Leuten, denen so früh zeitig noch kalt war und die das Reißen hatten, dirigierte man zum Maschinenraum, dort war´s schön warm. Den Öl- und Schmiergeldunst und das Gestampfe der Kolben hatten sie hier freilich ganz umsonst. Manche haben dann drauf geschworen, dort hätten sie ihr Reißen ganz und gar verloren.
Wir Mädels gingen auch mal dorthin und guckten in den Schiffsbauch rein, wo sich die großen Zahnräder drehten. Uns war´s aber hier viel zu laut, und auch ganz unten im Salon gefiel´s uns nicht. Dort roch es zwar fein, doch die Fenster waren uns viel zu klein – man konnte hier nur lauter Wasser sehen. Schnell sind wir also die steile Treppe wieder nach oben gestiegen.
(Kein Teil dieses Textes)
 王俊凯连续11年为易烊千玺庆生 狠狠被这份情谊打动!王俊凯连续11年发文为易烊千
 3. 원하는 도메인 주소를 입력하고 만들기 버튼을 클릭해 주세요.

Auf dem Oberdeck, da saßen wir dann stramm mit dem wetterfesten Volk beisamm’. Wir ließen uns um unsere Nasen den Fahrwind ganz gehörig blasen. Eine hatte Schnupfen - immer wieder musste die sich ihre Nase tupfen. Es hatte aber keinen Sinn, umsonst war ihr Bemühen, denn der Wind trieb ihr das Tuch stets ganz woanders hin.
Von hier oben konnten wir auch sehen, wie sich die großen Schaufelräder gerade wie bei einem Mühlenrad drehten. Sie machten Schaum und Wellen; die liefen dann bis zum Ufer hin.

Die Möven wollten Futter haben - sie sind rings um das Schiff geflogen, und kreischten uns an. Wir taten ihnen den Gefallen, gaben aber acht, dass uns keine einen Klecks auf das Dirndel oder die weiße Bluse macht.
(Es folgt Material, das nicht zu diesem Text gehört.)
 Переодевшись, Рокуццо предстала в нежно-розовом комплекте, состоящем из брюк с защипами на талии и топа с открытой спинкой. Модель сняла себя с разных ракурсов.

Auf der Brücke der junge Kapitän mit seiner weißen Mütze imponierte uns sehr, und auch unter den Matrosen waren einige, die uns gefielen. So fesch sahen unsere Dorfjungs nicht aus!

Vorne auf’m Dampfer und auch hinten waren die „Elbtalschwärmer“ anzutreffen. Die kannten jeden Berg und jedes Tal, stromauf, stromab, das war egal. Zu denen durfte man auch nicht sagen: Es ist woanders auch ganz schön. Gleich hieß es dann: Horcht gar nicht hin - was die vom Elbtal schon verstehen! Sie guckten dann alle gleich ganz verächtlich drein. Am besten war es also hier, in Worten mitzuschwelgen oder zu schweigen oder ... zu singen. Denn als wir aus Begeisterung ein Lied nach dem anderen gesungen haben - wie schön hat das geklungen!
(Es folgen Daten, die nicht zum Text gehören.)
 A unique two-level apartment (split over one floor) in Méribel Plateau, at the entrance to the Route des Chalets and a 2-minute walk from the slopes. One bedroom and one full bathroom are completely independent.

Bald war´n wir in Herrnskretschen, unsern Ziele, beim Aussteigen gab es noch mal so ein Gewühle. Die einen wollten rein, die andern raus, und so wurde ein Gedränge draus. Wir mussten ganz gehörig schieben, denn fast hätten wir den Anschluß an unsere Gruppe verlor´n.

Bald nach dem Landgang ging´s Rennen wieder los, denn wir wollten uns ja noch schnell bis zum Wasserfall in der Edmundsklamm paddeln lassen. Die Jungs hatten sich auch gleich wieder zwei Kähne reserviert und uns Mädchen galant hinein manövriert.
Wie konnte denn anders sein, bei dem Geschaukel fiel ich in´s Wasser rein. Zum Glück war´s gleich am Ufer, und es wurden nur meine Beine nass, für die Bengels war´s natürlich ein Riesenspaß.

In der Edmundsklamm beim Wasserfall war es zwar schön, aber bald mussten wir leider seh´n, dass wir zur Abfahrtszeit zum Schiffe geh´n. Dort gab´s dann zum dritten Mal Gedränge, beinah verlor’n wir einander in der Menge. Endlich hatten dann alle Platz gefunden und haben die ganze Heimfahrt über wieder kräftig mitgesungen.

Es ist dann ziemlich spät geworden, und deshalb war uns Mädels vor´m Heimweg im Mondschein bange. Jetzt spätestens wurde allen klar, wie schön´s doch auf dem Dampfer war. Doch ohne weitere Schwierigkeiten, mit Jux und Neckerei, brachten die Jungs uns Mädels alle gemeinsam wieder in´s Dorf und dann sogar eine jede bis an’s Hoftor zurück. Sie riefen auch noch uns´re Eltern raus, damit keine von uns erst eine große Strafpredigt bekam, weil sie sahen, dass wir begleitet und beschützt worden waren.